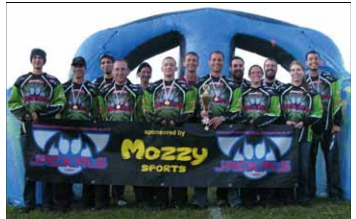
Auch 2011 wieder Staatsmeister. Die Paintballer „Jackals“ vom HSV Straß
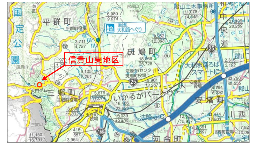
奈良県道路網図(平27情使第780号)を転載
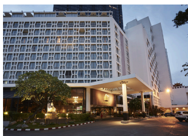
Hotel Montien Bangkok 5* Bangkok, Tailandia
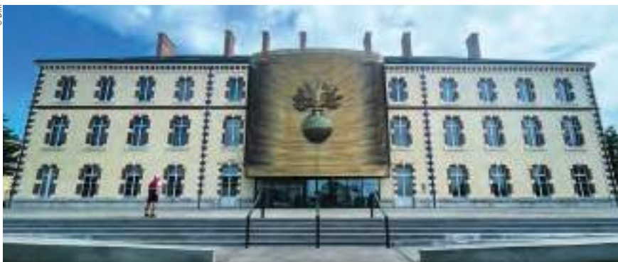
Le musée de la Gendarmerie nationale de Melun
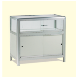
Tischvitrine € 190,30 Etna Table showcase 99 x 53 x 91 cm weiß/white (0015)
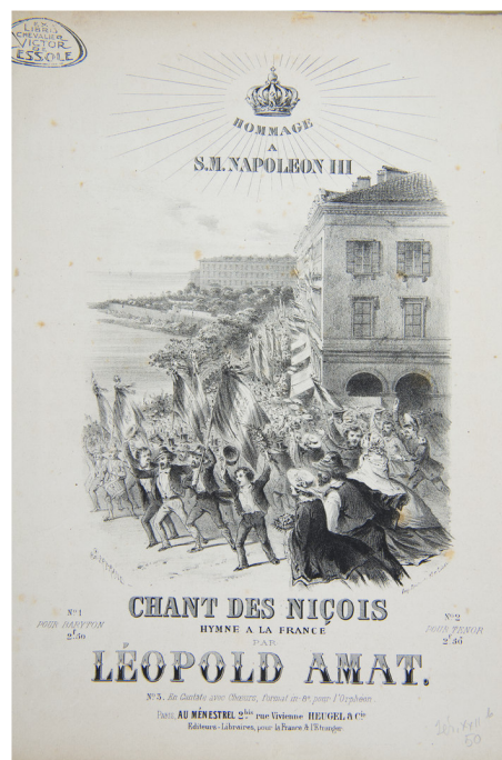
Chant des Niçois Hymne à la France Léopold Amat 1860 Bibliothèque du Chevalier de Cessole
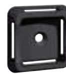
0 320 68
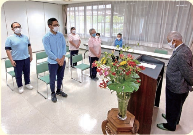
5年在職表彰式の様子
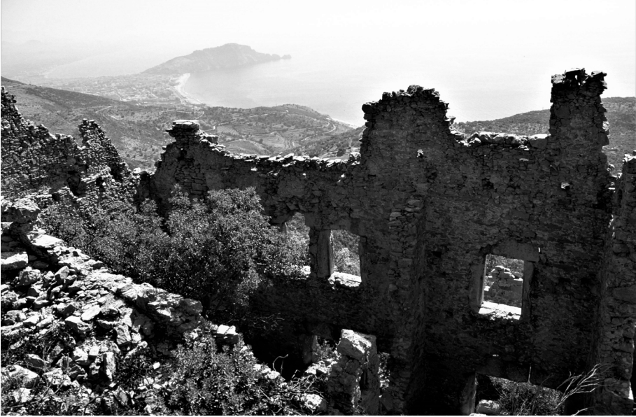
Fig. 6 Hamaksia'dan Korakeion'a Bakış
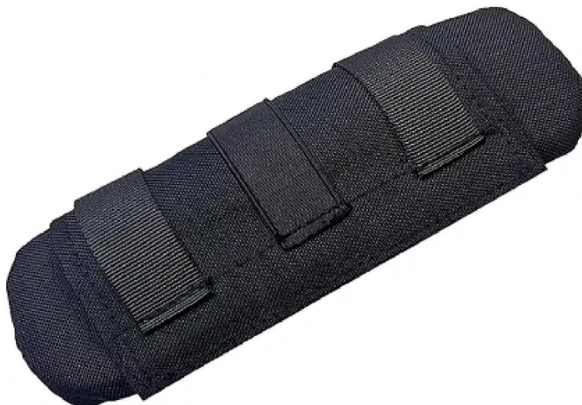
Figura 4 - almofada de proteção para ombros Imagem de Referência
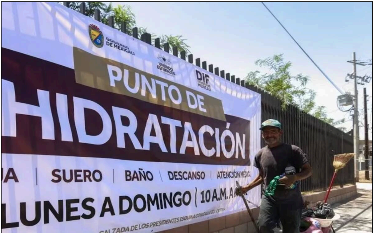
Abril 17, 2024
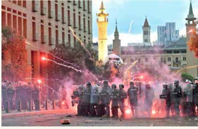
اشتباكات في محيط مبنى البرلمان وسط بيروت

وأضاف البيان "أصدرت القيادة أمراً بإجراء تحقيق عدلي، فتم ذلك بموجب قانون أصول المحاكمات الجزائية وضمن أصول العمل في مجال الضابطة العدلية. وبتنحية هذه التحقيقات أرسلت كتاباً قضائياً إلى رئاسة هيئة إدارة واستثمار مرفأ بيروت للقيام بالإجراءات الضرورية على جميع الصعد.
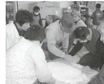
ゆっくりしていけないね。

こうした作業所での活動を家族と一緒に経験することで、日常の家庭生活においてなかなか見られない姿を見ることが出来ます。いろんな発見と家族の絆というものを再確認できる良い機会なのではないでしょうか。
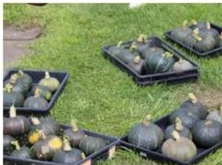
かぼちゃの収穫 一番多く収穫できる人気の野菜でした。
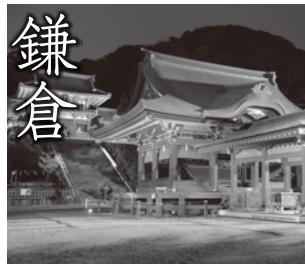
藤沢駅からJR東海道・横須賀線で、約15分 ／江ノ島電鉄で約35分
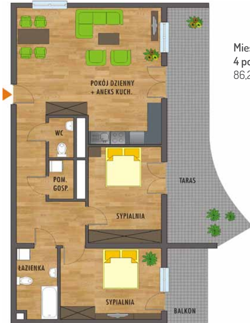
Mieszkanie 4 pokojowe 86,22 m 2
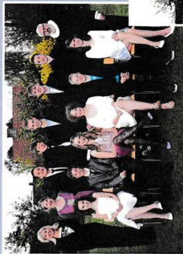
13. maj kl. 10.00
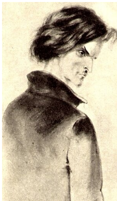
Piotr Boklewski, Raskolnikow , lata 80. XIX w.

Motywy, którymi kierował się Rodion Raskolnikow, zabijając starą lichwiarkę, są rozmaicie interpretowane. Najważniejszym wydaje się przekonanie Raskolnikowa o własnym geniuszu i wyjątkowości, które pozwalają mu, nadczyłownikowi , zabijać „ludzkie wszy” w imię sprawiedliwości społecznej. Inną, bardziej prozaiczną przyczyną są względy materialne: Raskolnikow potrzebuje pieniędzy. Jednak w obliczu popełnionej zbrodni, przytłoczony poczuciem winy, zabiera z mieszkania lichwiarki tylko drobną sumę. Tymczasem rozpacz, która go pochłania, jest bez porównania ciemniejsza niż wszystko, czego dotąd doświadczył.

Directions for this task =>
Only one stretch of the entries above is needed: the lines from the one containing "Mieszkanie 4 pokojowe 86,22 m 2" through the one containing "Piotr Boklewski, Raskolnikow". Copy it exactly, without the pictures.

Expected output =>
Mieszkanie 4 pokojowe 86,22 m 2
13. maj kl. 10.00
Piotr Boklewski, Raskolnikow , lata 80. XIX w.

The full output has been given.